Source records
BEGIN
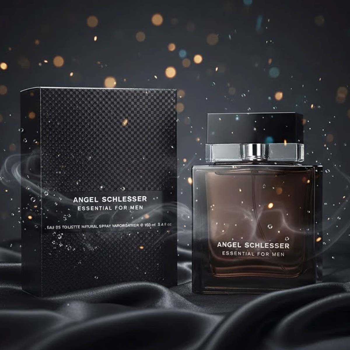 زجاجة بيضاء مستطيلة بتصميم بسيط وأنيق، مع تغليف أبيض يحمل توقيع Angel Schlesser بأسلوب عصري راقٍ.
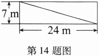 17. 一只喜鹊正在一棵高$3m$的小树的树梢上觅食,它的巢筑在距离该树$24m且高为14m$的一棵大树上,巢距离大树顶部$1m$,这时,它听到巢中幼鸟求助的叫声,便立即赶过去。如果它飞行的速度为$5m/s$,那么它至少需要几秒才能赶回巢中?
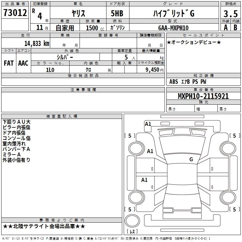 Статус выставлен на аукцион Лот 73012 Аукцион TAA Chubu Дата аукциона 11.12.2025
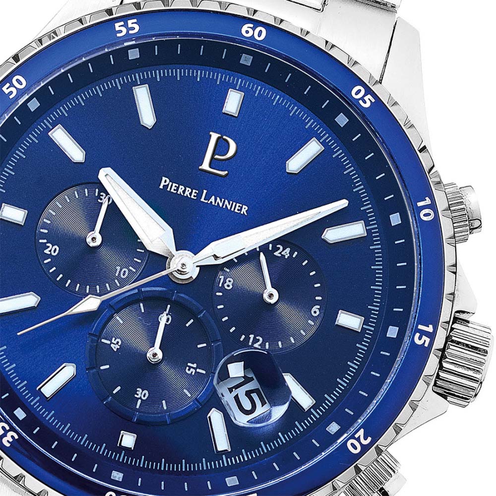 Мужские кварцевые часы Pierre Lannier Cronos 226G161. Часы хронографХронографФункция позволяет измерять отрезки времени с особой точностью: часы, минуты, секунды. Верным признаком хронографа является наличие на циферблате 3 дополнительных окошек-счётчиков. с секундомеромСекундомерСекундоме́р — прибор, способный измерять интервалы времени с точностью до долей секунды.. Минеральное стеклоМинеральное стеклоМинеральное стекло представляет собой искусственно выращенный минерал кварца. Такое стекло отличается особой устойчивостью к повреждениям и царапинам. Уступает по некоторым качествам сапфировому стеклу. устойчивое к мелким механическим повреждениям. Центральные часовая и минутная стрелки, секундная стрелка вынесена на малый циферблат. Окошко даты между 4 и 5 часам. Корпус и вращающийся безельБезельВнешний ободок, закрепляющий стекло. В спортивных часах так называется поворотное кольцо с делениями на циферблате, выполняет роль таймера – замеряет отрезки времени на шкале. Неподвижный безель – элемент декора. Однонаправленно вращающийся безель на дайверских часах позволяет фиксировать моменты погружения и выныривания на поверхность. из нержавеющей стали с IP-покрытиемIP-покрытиеМетод ионного напыления. Демонстрирует повышенную устойчивость к истиранию, окислению и химическим веществам. Под воздействием высокого давления и температуры около 1500°C молекулы металла надёжно соединяются с частицами корпуса часов.. Стрелки с люминесцентным покрытиемЛюминесцентное покрытиеПозволяет считывать показания времени в темноте. Производители наносят на стрелки, часовые индексы, безель или поверхность циферблата светонакопительный состав, дающий холодное свечение.. Водостойкость: 100 метров, позволит плавать, нырять и заниматься другими водными видами спорта. Стальной браслет с раскладной застёжкойРаскладная застёжкаТакой тип застёжки используется только на браслетах из металла. Она никогда не раскрывается полностью, происходит разделение на 2 и более частей. Раскладывающая застёжка снизит вероятность потери часов к минимуму..
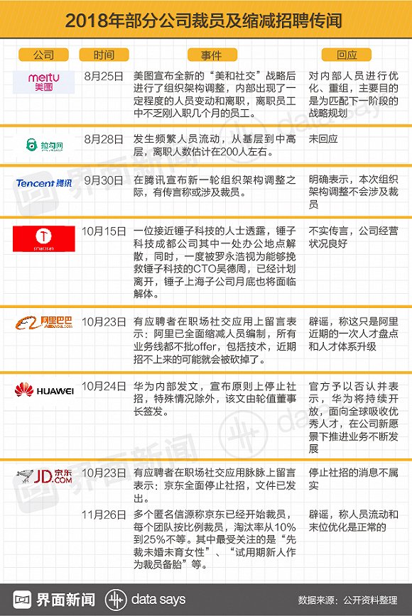 近日,京东再次爆出“裁员”消息,其中最受关注的是“先裁未婚未育女性”、“试用期新人作为裁员备胎”等。11月27日,京东发表声明辟谣,称这是正常的人员流动和末位优化。2018年以来BATJ等互联网公司裁员和停止社会招聘等传闻没有断过。
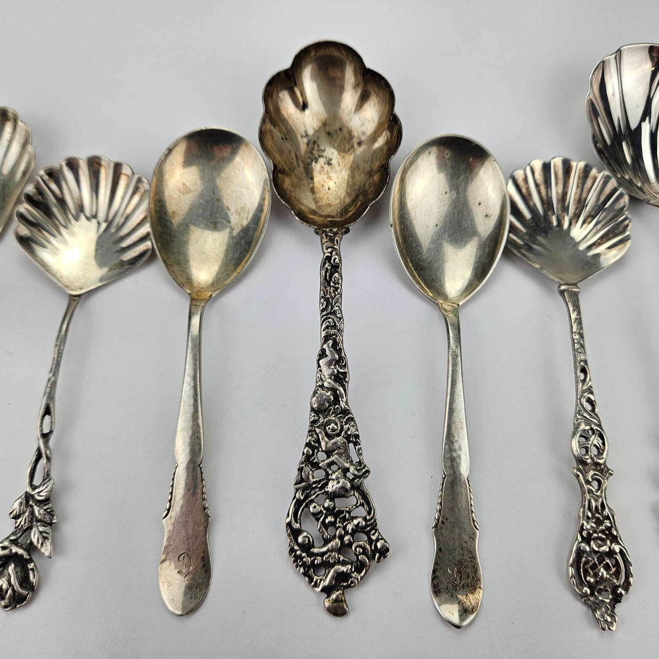 4951241. KOMPOTTSKEDAR, 7 st, silver, vikt ca. 147 gram.
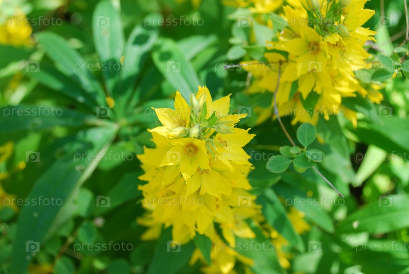 Многие желтые цветы на одном стебле. пятно вербена (Lysimachia punctata)
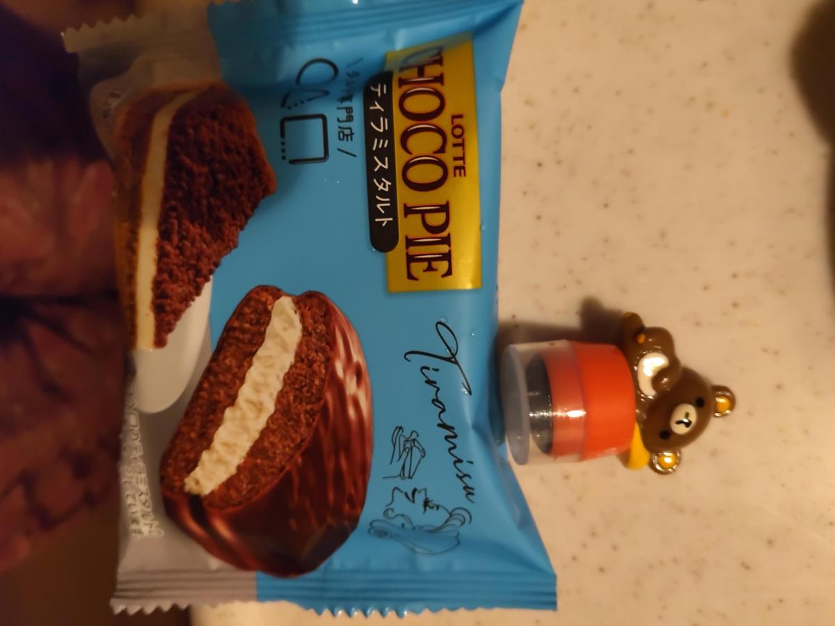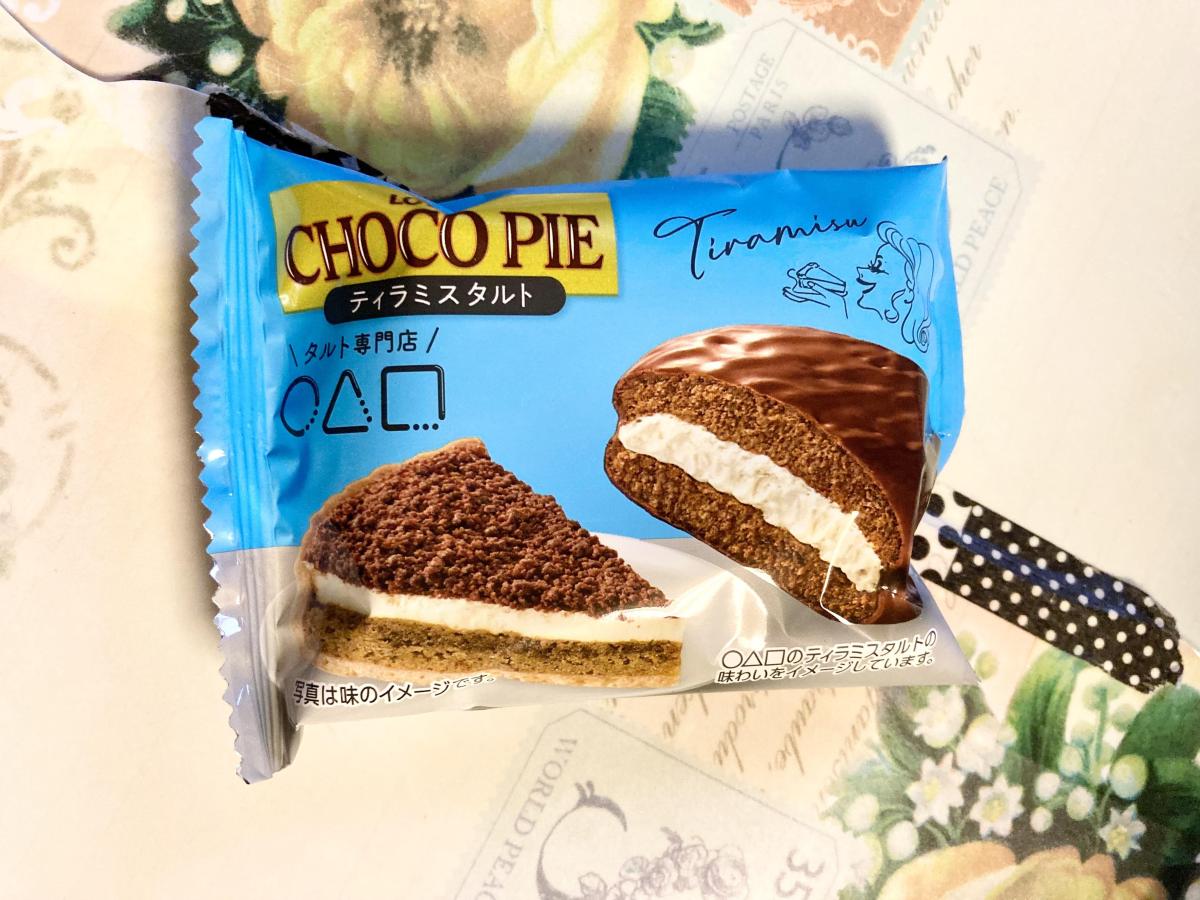 青いパッケージのチョコパイは、ティラミスタルトの味だそうです。
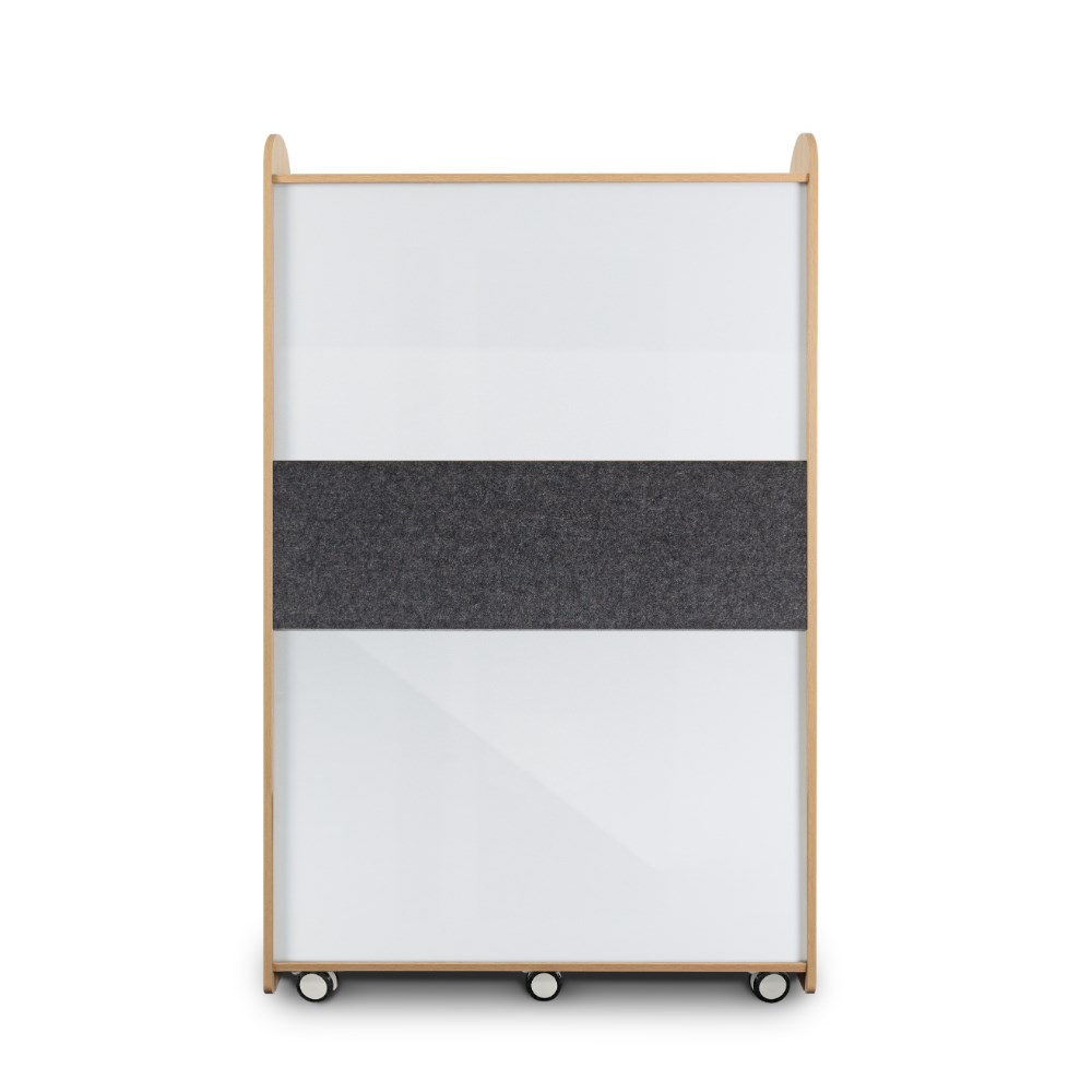2x Magnetically attached (removable) acoustic panel pinboards: 940(W) x 335(H) x 18(D)mm
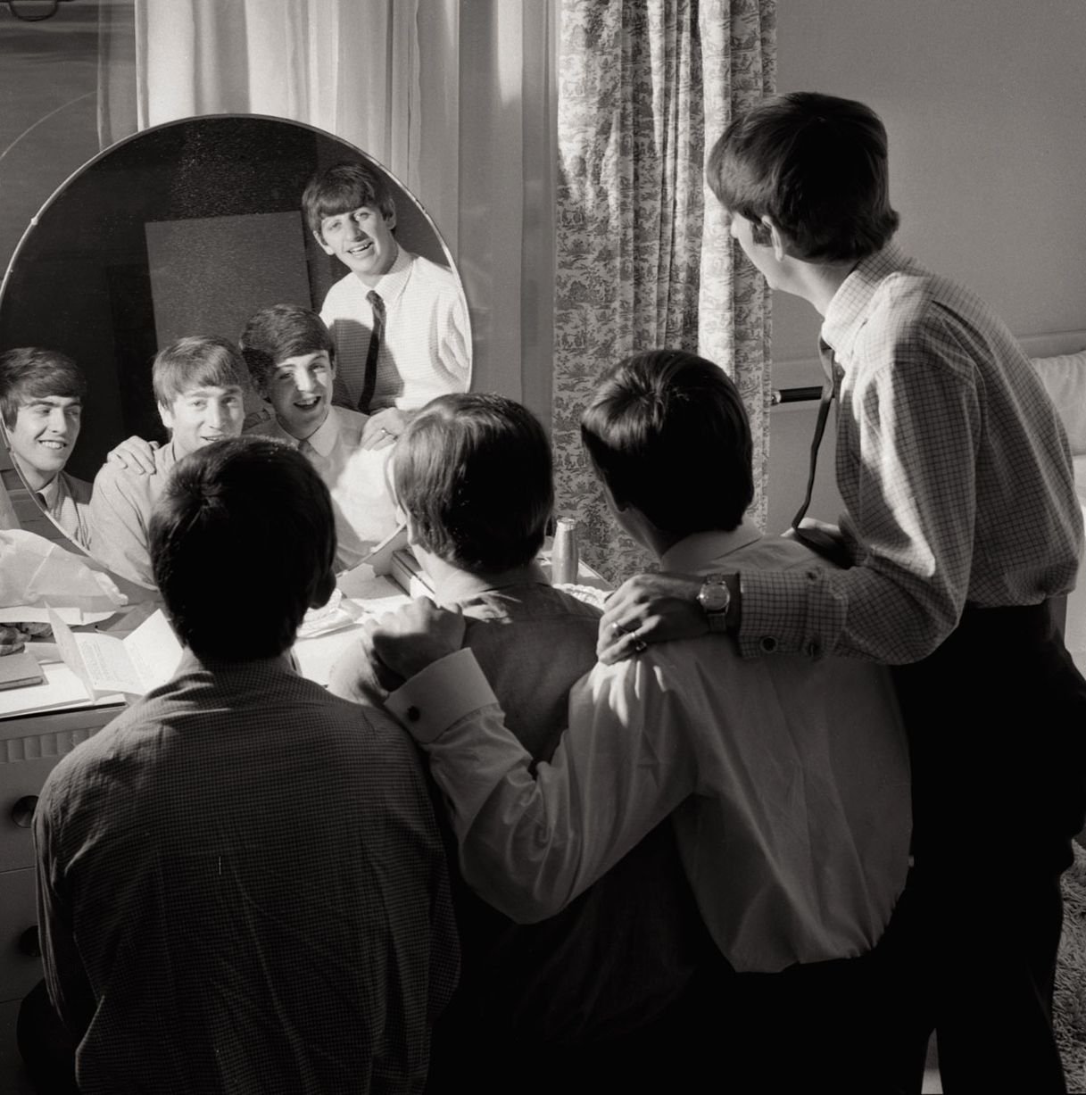 | Margate, July 8-13,1963. The Beatles kill time between performances gazing at their reflections for a Leslie Bryce-arranged pose. |
END
[WHAT TO DO]: Repeat the exact lines from the first line of the data through the line containing "Статус выставлен на". Nothing else, no pictures.

[SOLVED PROBLEM]:
 زجاجة بيضاء مستطيلة بتصميم بسيط وأنيق، مع تغليف أبيض يحمل توقيع Angel Schlesser بأسلوب عصري راقٍ.
 17. 一只喜鹊正在一棵高$3m$的小树的树梢上觅食,它的巢筑在距离该树$24m且高为14m$的一棵大树上,巢距离大树顶部$1m$,这时,它听到巢中幼鸟求助的叫声,便立即赶过去。如果它飞行的速度为$5m/s$,那么它至少需要几秒才能赶回巢中?
 Статус выставлен на аукцион Лот 73012 Аукцион TAA Chubu Дата аукциона 11.12.2025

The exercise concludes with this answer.